On Wed, Mar 17, 2021 at 3:23 PM Nicholas Piggin <npiggin@gmail.com> wrote:
>
> Might take some time to get a system and run tests. We actually had
> difficulty recreating it before this patch too, so it's kind of
> hard to say _that_ was the exact case that previously ran badly and
> is now fixed. We thought just the statistical nature of collisions
> and page / lock contention made things occasionally line up and
> tank.

Yeah, it probably depends a lot on the exact page allocation patterns
and just bad luck.  Plus the actual spinlocks will end up with false
sharing anyway, so you might need to have both contention on multiple
pages on the same hash queue _and_ perhaps some action on other pages
that just hash close-by so that they make the cache coherency protocol
have to work harder..

And then 99% of the time it all just works out fine, because we only
need to look at the hashed spinlocks when we have any contention on
the page lock in the first place, and that generally should be
something we should avoid for other reasons.

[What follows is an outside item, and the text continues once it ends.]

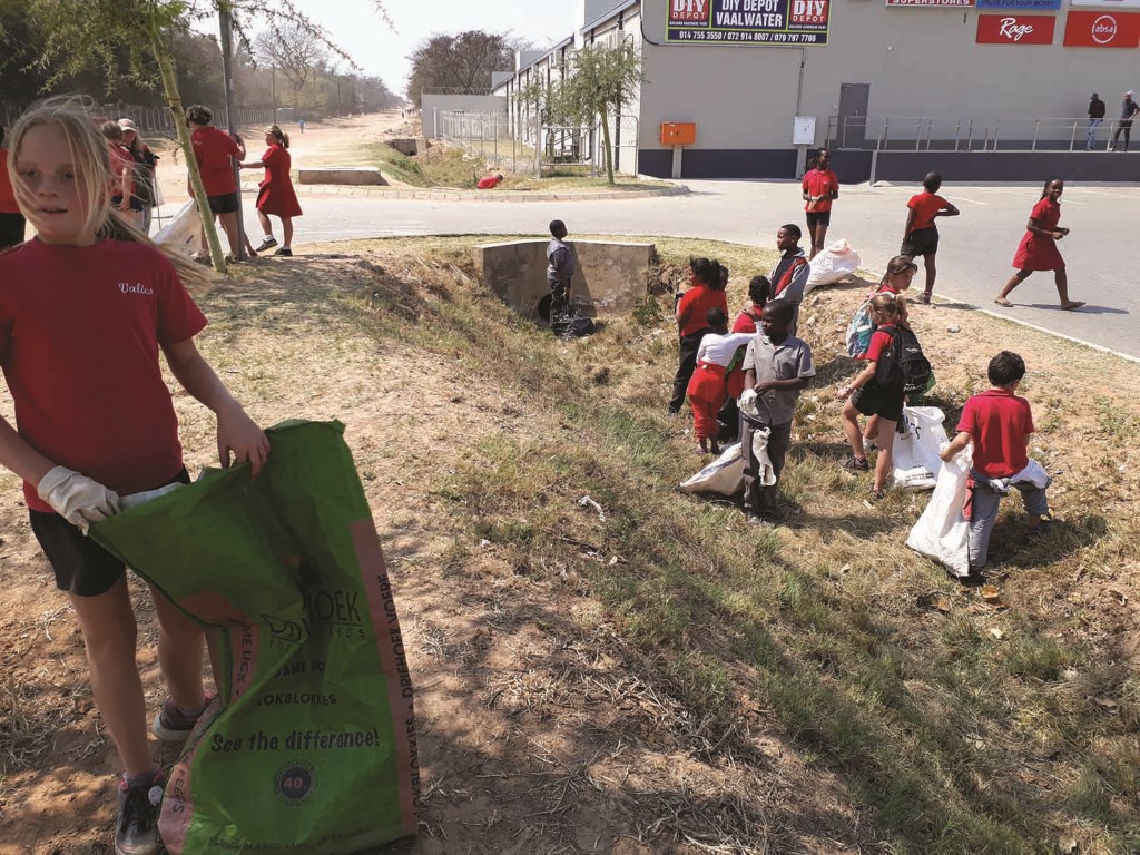 Die laerskoolleerders het ongeveer 3 km in twee uur afgelê om papiere op te tel. “’n Bottelstuk het my gesny,” het Danike le Roux van Laerskool Vaalwater gesê. Nog ’n leerder, Marisha Benade, het gesê hulle het “vreeslike erge goed” opgetel.

But it is perhaps also a sign that while 256 entries is "ridiculously
small", it might be the case that it's not necessarily much of a real
problem in the end, and I get the feeling that growing it by several
orders of magnitude is overkill.

In fact, the problems we have had with the page wait queue have often
been because we did too much page locking in the first place.

I actually have a couple of patches in my "still thinking about it
tree" (that have been there for six months by now, so maybe not
thinking too _actively_ about it) which remove some overly stupid page
locking.

For example, look at "do_shared_fault()". Currently __do_fault()
always locks the result page. Then if you have a page_mkwrite()
function, we immediately unlock it again. And then we lock it again in
do_page_mkwrite().

Does that particular case matter? I really have no idea. But we
basically lock it twice for what looks like absolutely zero reason
other than calling conventions.

Bah. I'll just attach my three "not very actively thinking about it"
patches here in case anybody else wants to not actively think about
them.

I've actually been running these on my own machine since October,
since the kernel I actually boot on my main desktop always includes my
"thinking about it" patches.

The two first patches should fix the double lock thing I mentioned.

The third patch should be a no-op right now, but the thinking is
outlined in the commit message: why do we even lock pages in
filemap_fault? I'm not actually convinced we need to. I think we could
return an unputodate page unlocked, and instead do the checking at pte
install time (I had some discussions with Kirill about instead doing
it at pte install time, and depending entirely on memory ordering
constraints wrt page truncation that *does* take the page lock, and
then does various other checks - including the page mapcount and
taking the ptl lock - under that lock).

Anyway, I don't mind the "make the hash table larger" regardless of
this, but I do want it to be documented a bit more.

               Linus